این نشاید از تو کین ظلمیست فاش ** قهر کردی بیگناهی را بلاش
Davud Aleyhisselâm’ın, bu gizli şeyi meydana çıkarıp apaşikâr göstermek ve getirilen delilleri çürütmek üzere halkı ovaya çağırması
عزم کردن داود علیه السلام به خواندن خلق بدان صحرا کی راز آشکارا کند و حجتها را همه قطع کند
Davut dedi ki: “Dostlar, gayri o gizli şeyin meydana çıkması zamanı geldi.
گفت ای یاران زمان آن رسید ** کان سر مکتوم او گردد پدید
Hepiniz kalkın da şehirden dışarıya çıkalım, o gizli sırrı öğrenelim.
جمله برخیزید تا بیرون رویم ** تا بر آن سر نهان واقف شویم
Filân ovada büyük bir ağaç vardır, dalları gürdür, çoktur, birbirleriyle birleşmişlerdir.
در فلان صحرا درختی هست زفت ** شاخهااش انبه و بسیار و چفت
Kol budak salıvermiş, geniş bir yeri kaplamıştır, kökü de yere yayılmıştır. İşte o ağacın kökünden bana kan kokusu geliyor.2445
سخت راسخ خیمهگاه و میخ او ** بوی خون میآیدم از بیخ او
O güzel ağacın kökünde kan var. Bu kötü talihli herif, onun altında efendisini öldürmüştür.
خون شدست اندر بن آن خوش درخت ** خواجه راکشتست این منحوسبخت
Allah’ın hilmi, bunu şimdiye kadar örttü. Fakat bu kaltaban, buna hiç şükretmedi.

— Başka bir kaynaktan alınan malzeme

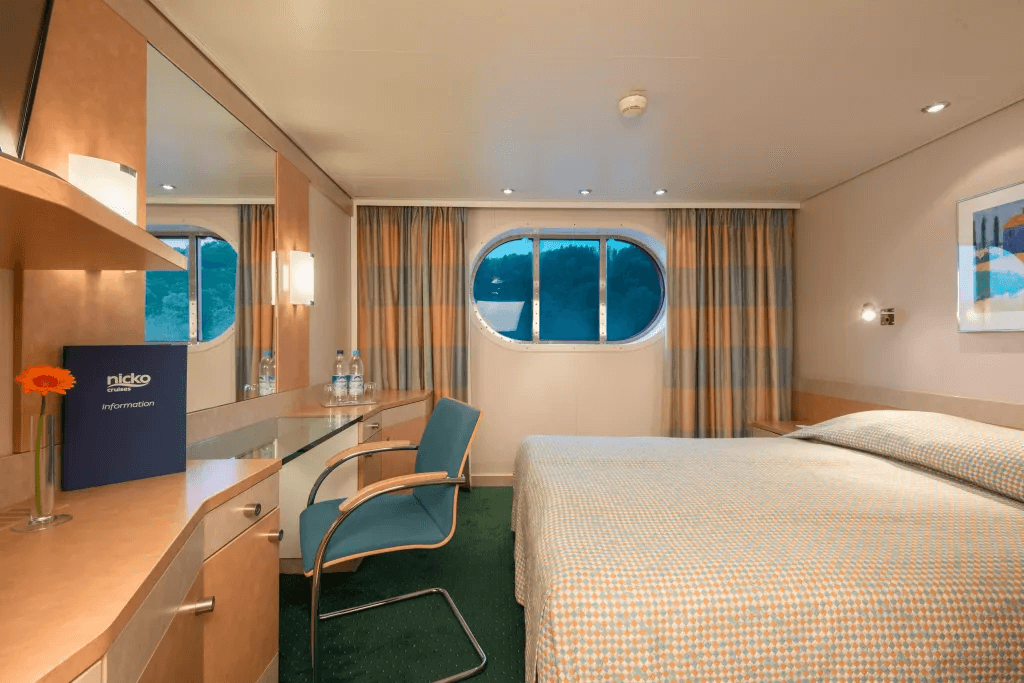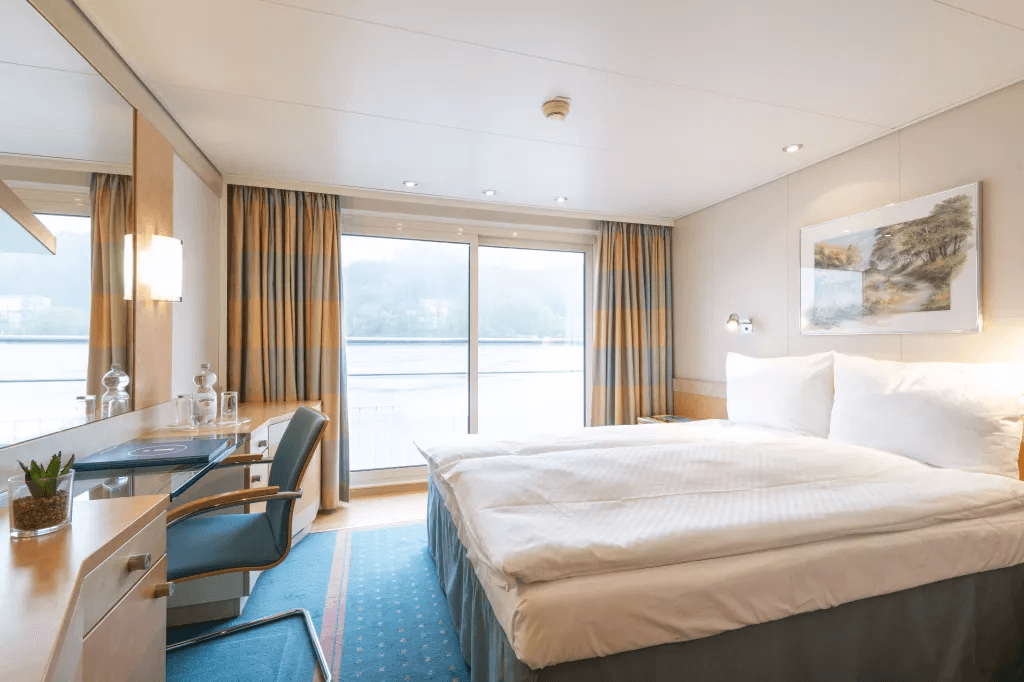 Komfortowa kabina o powierzchni 16 m², wyposażona w duże okno, podwójne łóżko z możliwością rozdzielenia na dwa pojedyncze, luksusową pościel, stoliki nocne, lampki do czytania, szafę oraz biurko z lustrem i fotelem.

تا کنون حلم خدا پوشید آن ** آخر از ناشکری آن قلتبان
Efendisinin çoluğuna, çocuğuna ne nevruzlarda bir şey verdi, ne bayramlarda,
که عیال خواجه را روزی ندید ** نه بنوروز و نه موسمهای عید
O yoksulların, o muhtaç biçarelerin hallerini, hatırlarını bir lokmayla olsun arayıp sormadı, eski hakları aklına bile getirmedi.

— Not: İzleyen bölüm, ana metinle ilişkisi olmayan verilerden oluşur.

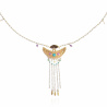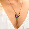 Les perles facettées, aux reflets cristallins et aux nuances violet améthyste, évoquent l’esprit d’un chapelet raffiné. Pour parfaire cette création, un pompon mêlant chaîne dorée et perles de rocaille turquoise et vertes vient clôturer l’ensemble avec élégance.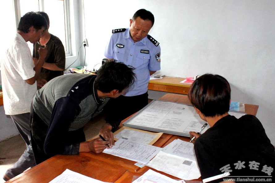 (麦积公安分局交警大队在乡镇交管站集中免费办牌办证) |

بینوایان را به یک لقمه نجست ** یاد ناورد او ز حقهای نخست
Bu melun herif şimdi de bir öküz için onun oğlunu yere vuruyor.2450
تا کنون از بهر یک گاو این لعین ** میزند فرزند او را در زمین
Günahının perdesini kendi kaldırıyor, yoksa Allah, suçunu örtüyordu.
او بخود برداشت پرده از گناه ** ورنه میپوشید جرمش را اله
Bu kötü zamanede kâfir olsun, fasik olsun… Herkes, kendi perdesini kendi yırtar.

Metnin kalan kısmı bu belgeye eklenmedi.